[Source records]
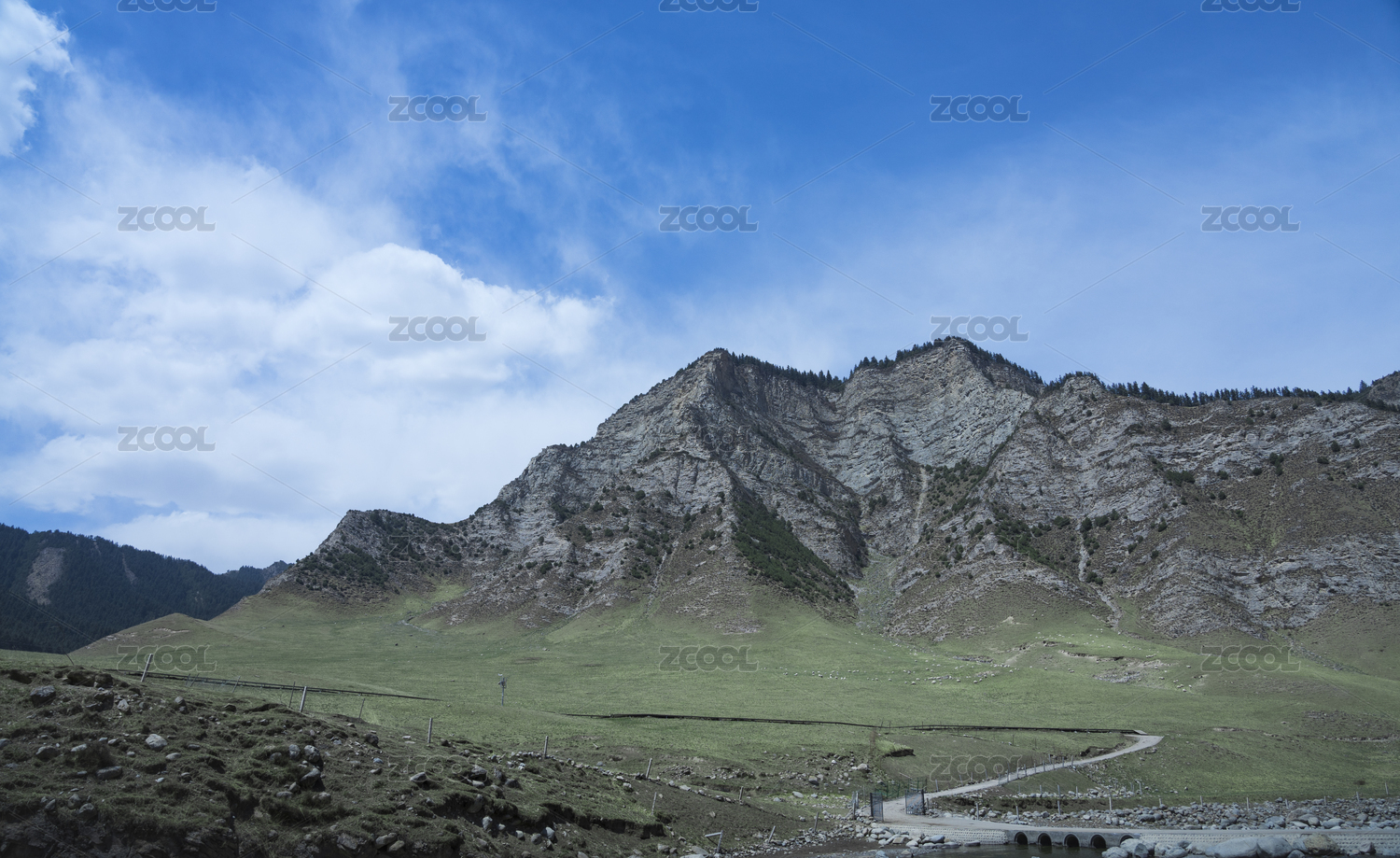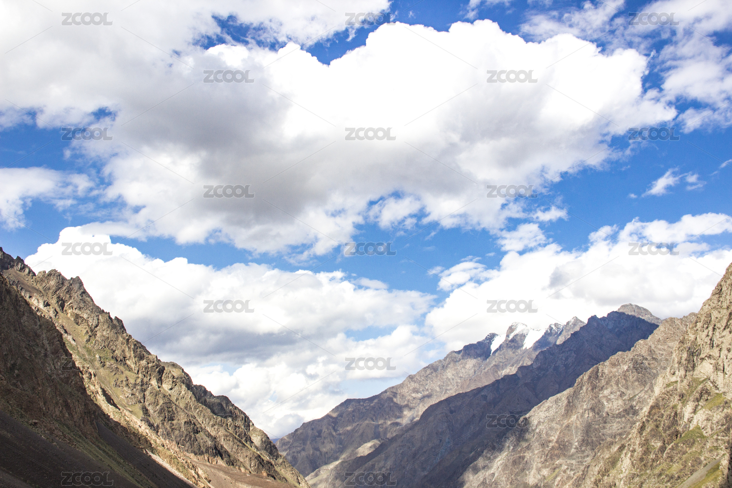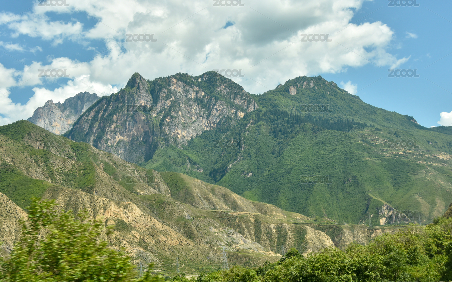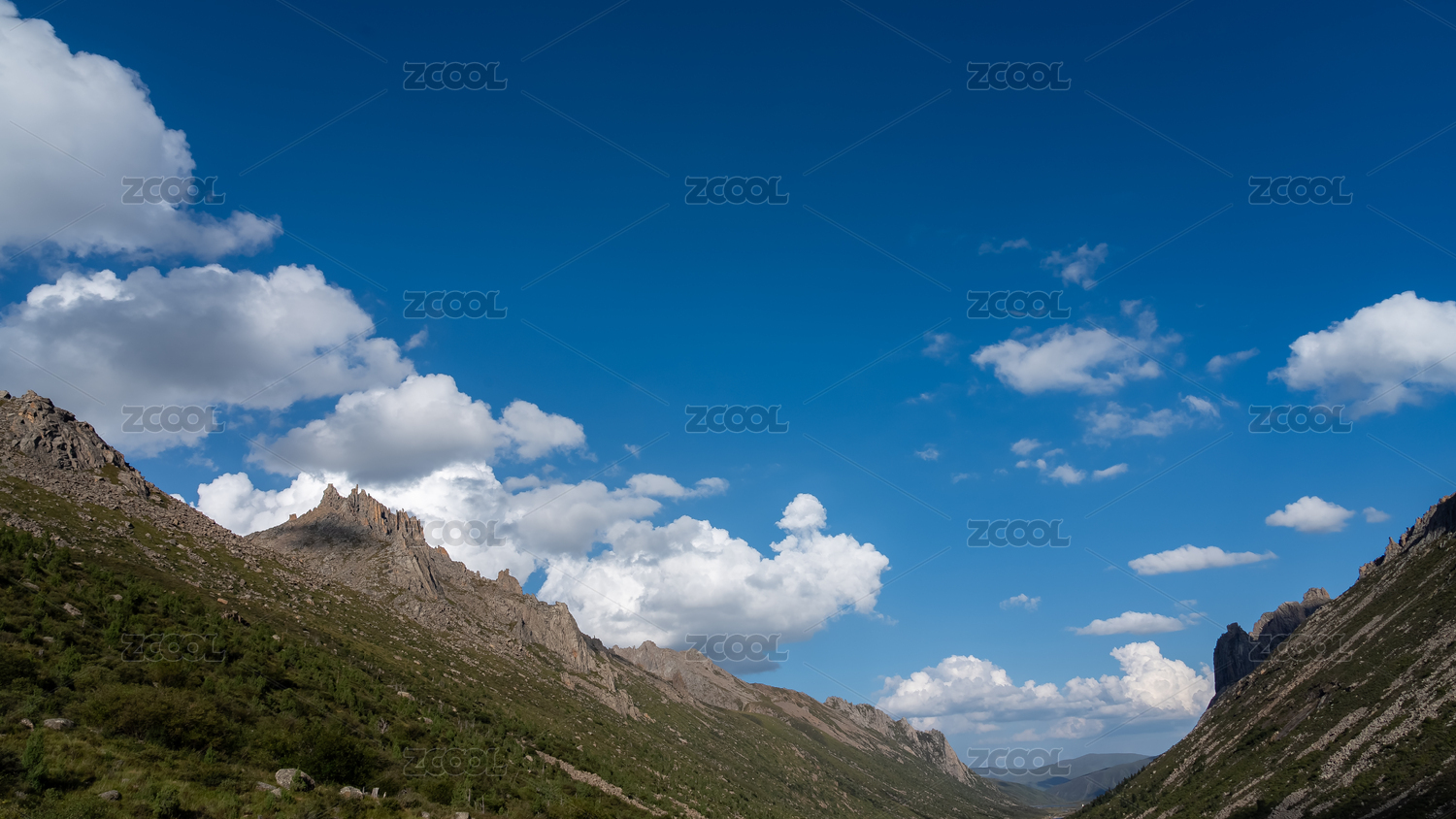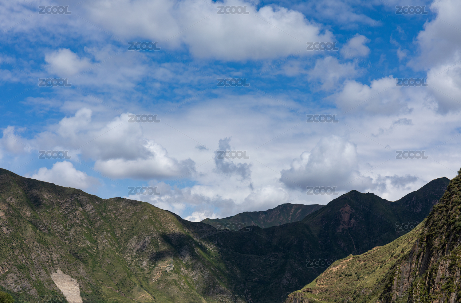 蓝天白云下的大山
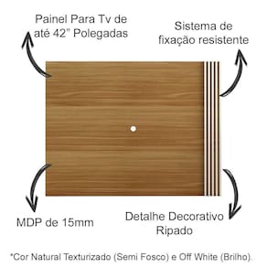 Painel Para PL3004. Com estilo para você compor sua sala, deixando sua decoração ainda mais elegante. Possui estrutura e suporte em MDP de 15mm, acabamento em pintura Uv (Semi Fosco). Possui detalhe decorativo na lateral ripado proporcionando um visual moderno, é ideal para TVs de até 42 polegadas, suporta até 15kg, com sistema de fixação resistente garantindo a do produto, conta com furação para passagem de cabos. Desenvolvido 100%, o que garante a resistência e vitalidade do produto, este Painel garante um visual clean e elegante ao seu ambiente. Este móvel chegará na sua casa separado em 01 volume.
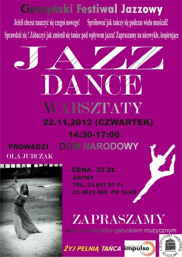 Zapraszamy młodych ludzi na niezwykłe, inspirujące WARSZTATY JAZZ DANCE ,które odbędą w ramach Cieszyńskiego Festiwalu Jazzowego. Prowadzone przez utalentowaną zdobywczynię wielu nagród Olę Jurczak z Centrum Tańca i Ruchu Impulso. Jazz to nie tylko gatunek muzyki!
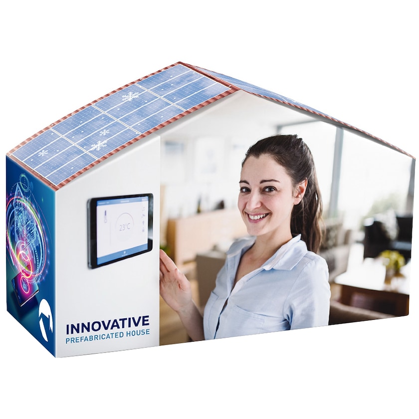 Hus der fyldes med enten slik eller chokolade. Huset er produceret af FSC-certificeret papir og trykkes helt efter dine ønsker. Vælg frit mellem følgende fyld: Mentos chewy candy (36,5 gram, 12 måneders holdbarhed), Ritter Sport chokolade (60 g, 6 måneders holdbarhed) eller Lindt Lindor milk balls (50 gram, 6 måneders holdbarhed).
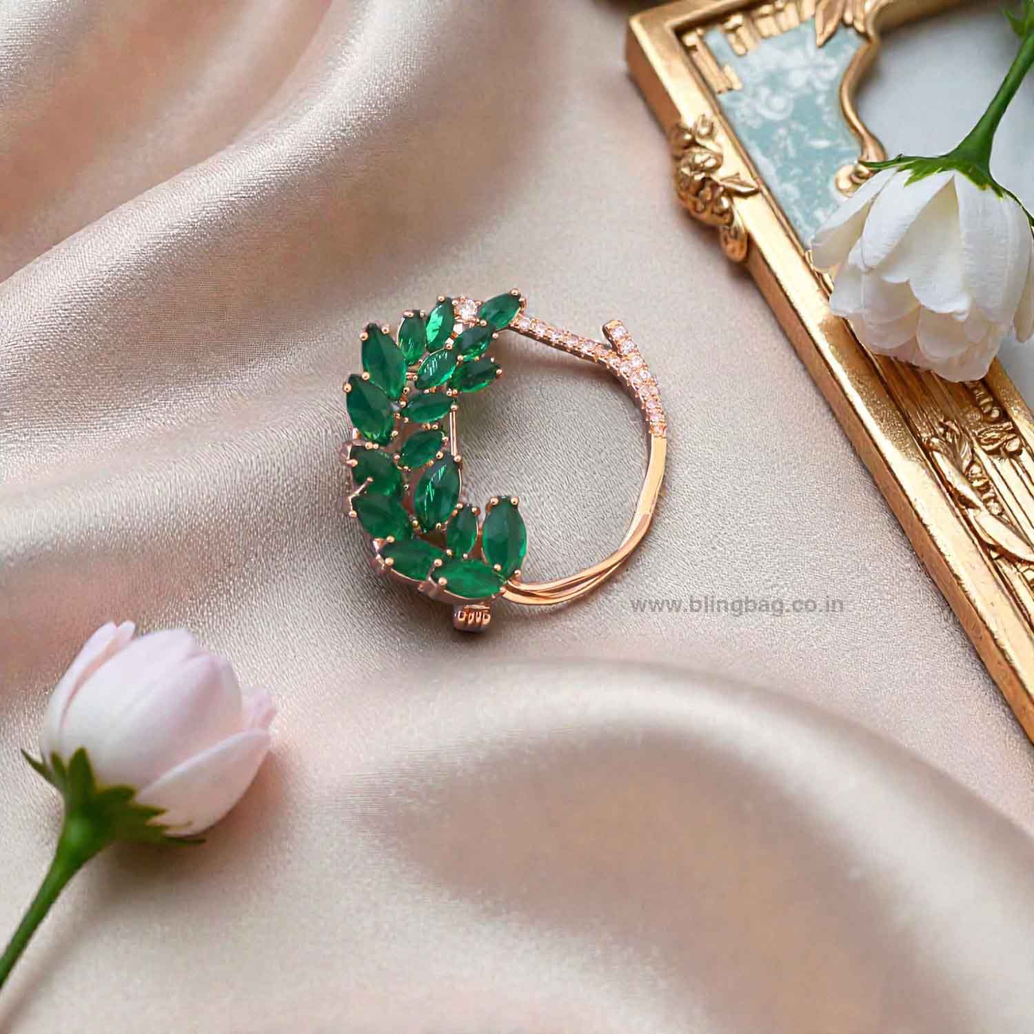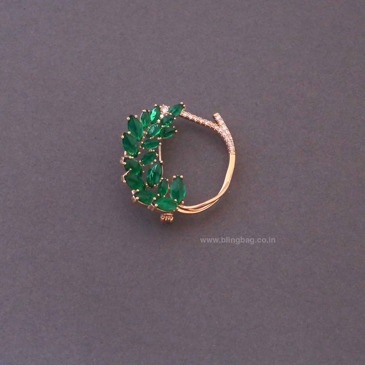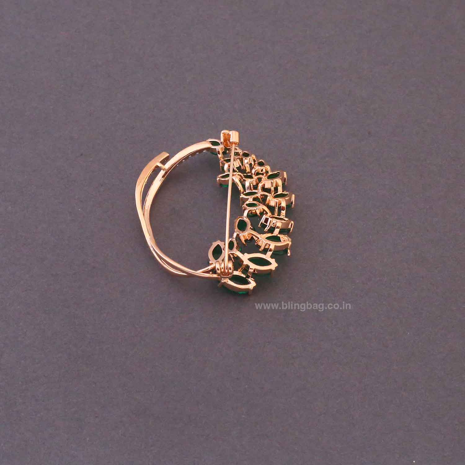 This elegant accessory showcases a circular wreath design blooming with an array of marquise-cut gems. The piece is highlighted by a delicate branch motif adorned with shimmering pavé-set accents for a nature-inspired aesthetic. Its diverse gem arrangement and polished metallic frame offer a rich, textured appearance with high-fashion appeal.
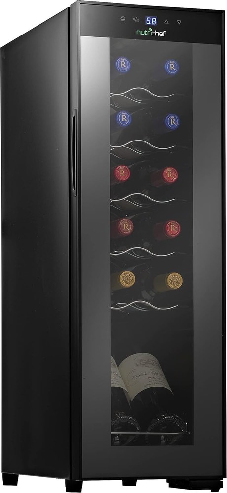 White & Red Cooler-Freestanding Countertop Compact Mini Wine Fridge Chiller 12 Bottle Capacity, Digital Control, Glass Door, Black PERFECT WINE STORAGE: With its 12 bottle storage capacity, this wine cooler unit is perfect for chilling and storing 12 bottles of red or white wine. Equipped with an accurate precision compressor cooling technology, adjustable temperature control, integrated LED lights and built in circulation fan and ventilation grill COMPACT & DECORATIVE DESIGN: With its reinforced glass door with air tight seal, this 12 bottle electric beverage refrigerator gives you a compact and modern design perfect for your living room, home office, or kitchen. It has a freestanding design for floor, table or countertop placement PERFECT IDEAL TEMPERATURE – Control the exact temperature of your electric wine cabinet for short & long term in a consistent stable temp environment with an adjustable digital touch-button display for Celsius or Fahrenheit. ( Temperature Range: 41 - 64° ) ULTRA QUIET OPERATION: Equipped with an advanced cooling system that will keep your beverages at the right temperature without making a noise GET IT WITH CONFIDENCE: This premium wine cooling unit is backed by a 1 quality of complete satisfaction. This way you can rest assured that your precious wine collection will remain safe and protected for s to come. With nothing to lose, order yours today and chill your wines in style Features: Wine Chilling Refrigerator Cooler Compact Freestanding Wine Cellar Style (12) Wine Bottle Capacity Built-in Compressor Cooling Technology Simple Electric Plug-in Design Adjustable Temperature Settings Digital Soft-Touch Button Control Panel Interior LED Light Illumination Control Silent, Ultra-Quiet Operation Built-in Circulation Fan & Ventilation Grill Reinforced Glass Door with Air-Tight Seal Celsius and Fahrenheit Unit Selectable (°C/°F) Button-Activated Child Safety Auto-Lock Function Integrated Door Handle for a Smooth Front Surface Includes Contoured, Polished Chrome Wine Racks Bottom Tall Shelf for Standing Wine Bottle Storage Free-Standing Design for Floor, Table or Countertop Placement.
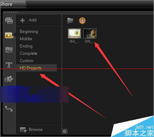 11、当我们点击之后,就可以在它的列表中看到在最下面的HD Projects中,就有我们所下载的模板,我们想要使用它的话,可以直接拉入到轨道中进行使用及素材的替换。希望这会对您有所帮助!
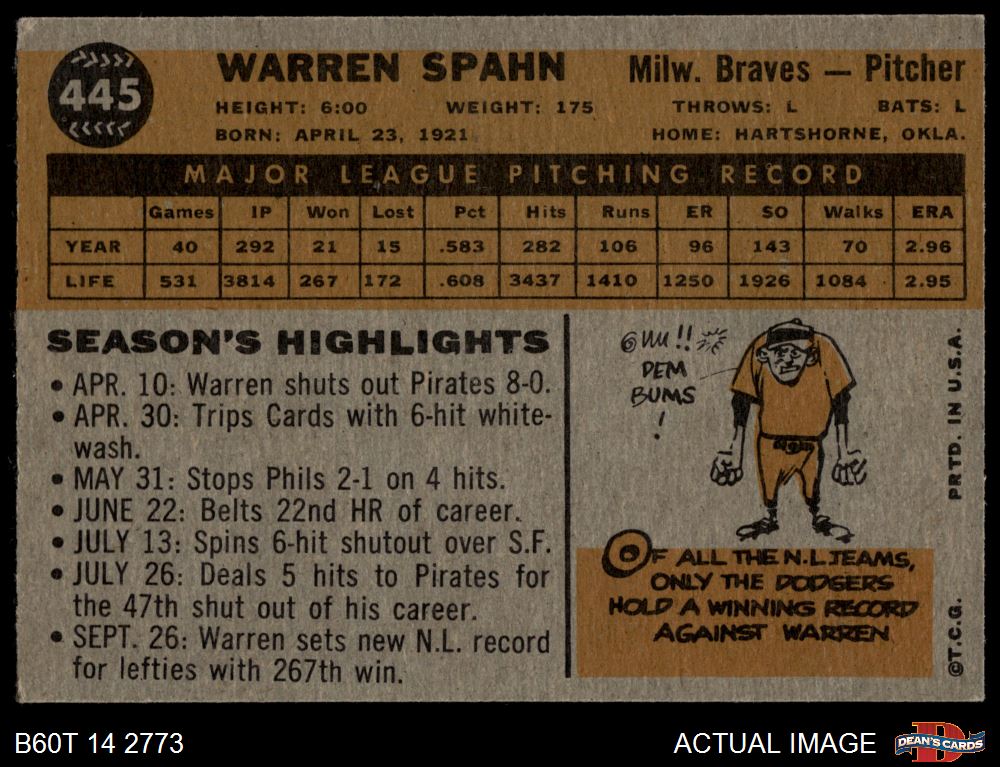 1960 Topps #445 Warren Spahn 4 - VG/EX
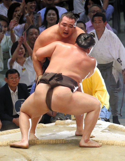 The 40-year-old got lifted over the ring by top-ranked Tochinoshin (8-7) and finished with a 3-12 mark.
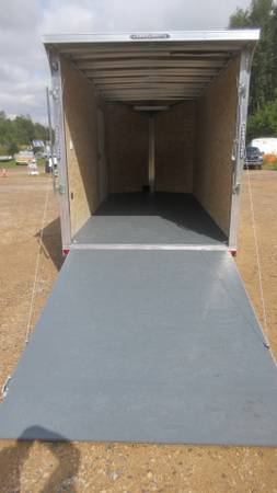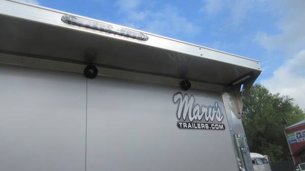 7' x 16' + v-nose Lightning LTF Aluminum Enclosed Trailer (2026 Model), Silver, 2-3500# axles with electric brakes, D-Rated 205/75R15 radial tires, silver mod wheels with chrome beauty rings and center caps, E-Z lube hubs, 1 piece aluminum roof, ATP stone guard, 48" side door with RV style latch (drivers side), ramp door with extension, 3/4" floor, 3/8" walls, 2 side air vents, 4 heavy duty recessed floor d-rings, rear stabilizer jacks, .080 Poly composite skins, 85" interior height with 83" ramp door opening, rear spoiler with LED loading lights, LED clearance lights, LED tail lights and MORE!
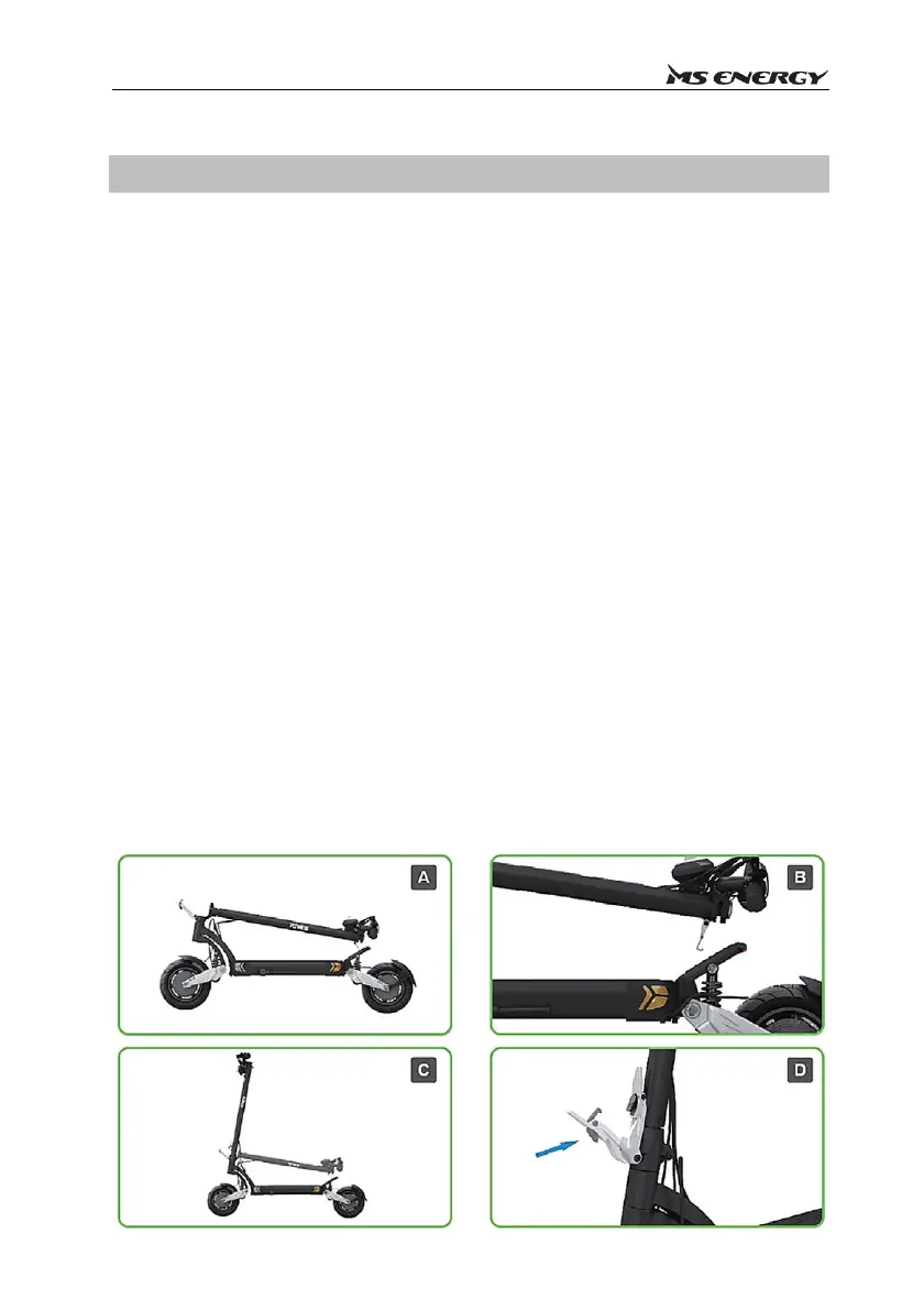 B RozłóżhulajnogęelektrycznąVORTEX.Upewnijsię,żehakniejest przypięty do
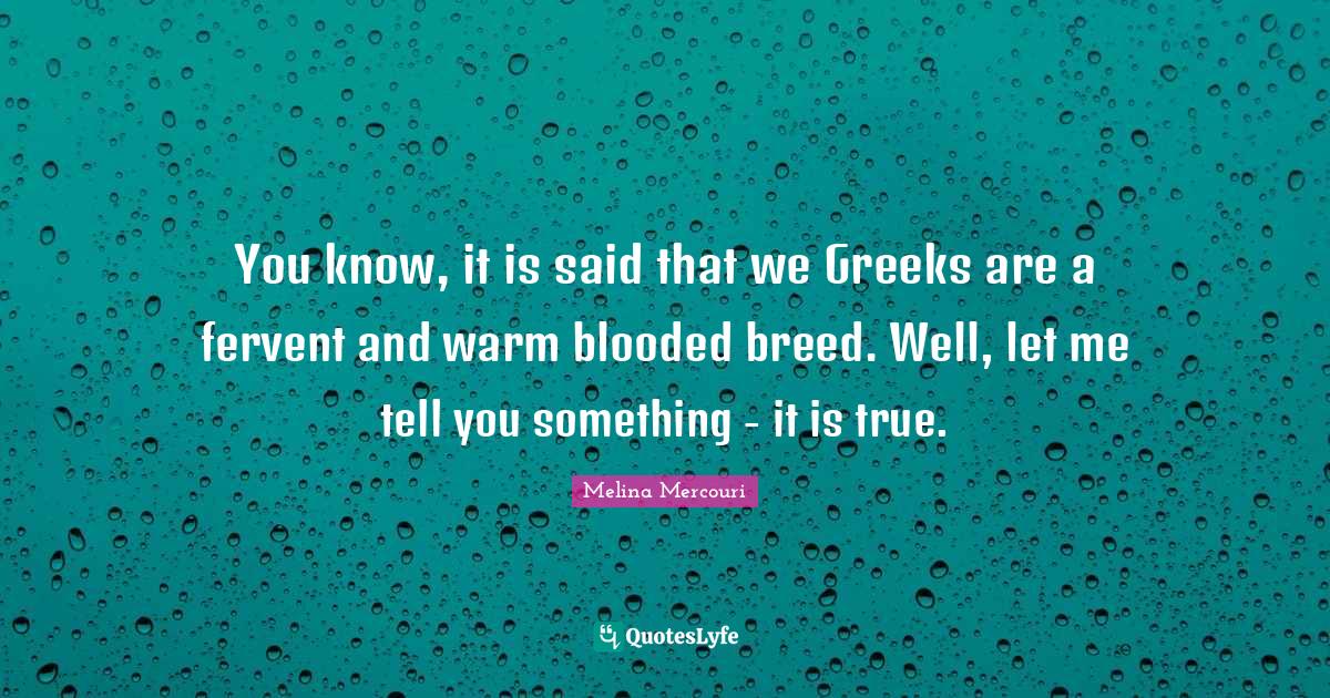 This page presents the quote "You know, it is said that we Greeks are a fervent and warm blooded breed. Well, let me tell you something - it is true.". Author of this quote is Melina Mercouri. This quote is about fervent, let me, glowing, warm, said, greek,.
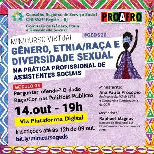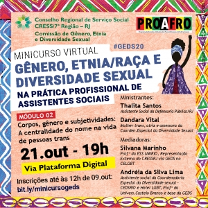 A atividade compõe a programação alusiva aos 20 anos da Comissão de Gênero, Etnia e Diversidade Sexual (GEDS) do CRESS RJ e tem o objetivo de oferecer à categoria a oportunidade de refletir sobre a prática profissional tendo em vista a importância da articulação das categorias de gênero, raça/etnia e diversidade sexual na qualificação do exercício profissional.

■ Task details
Look above for the line with "1960 Topps #445 Warren Spahn 4 - VG/EX", then give again exactly every line from there through the line with "The 40-year-old got", skipping the pictures.

■ Answer
 1960 Topps #445 Warren Spahn 4 - VG/EX
 The 40-year-old got lifted over the ring by top-ranked Tochinoshin (8-7) and finished with a 3-12 mark.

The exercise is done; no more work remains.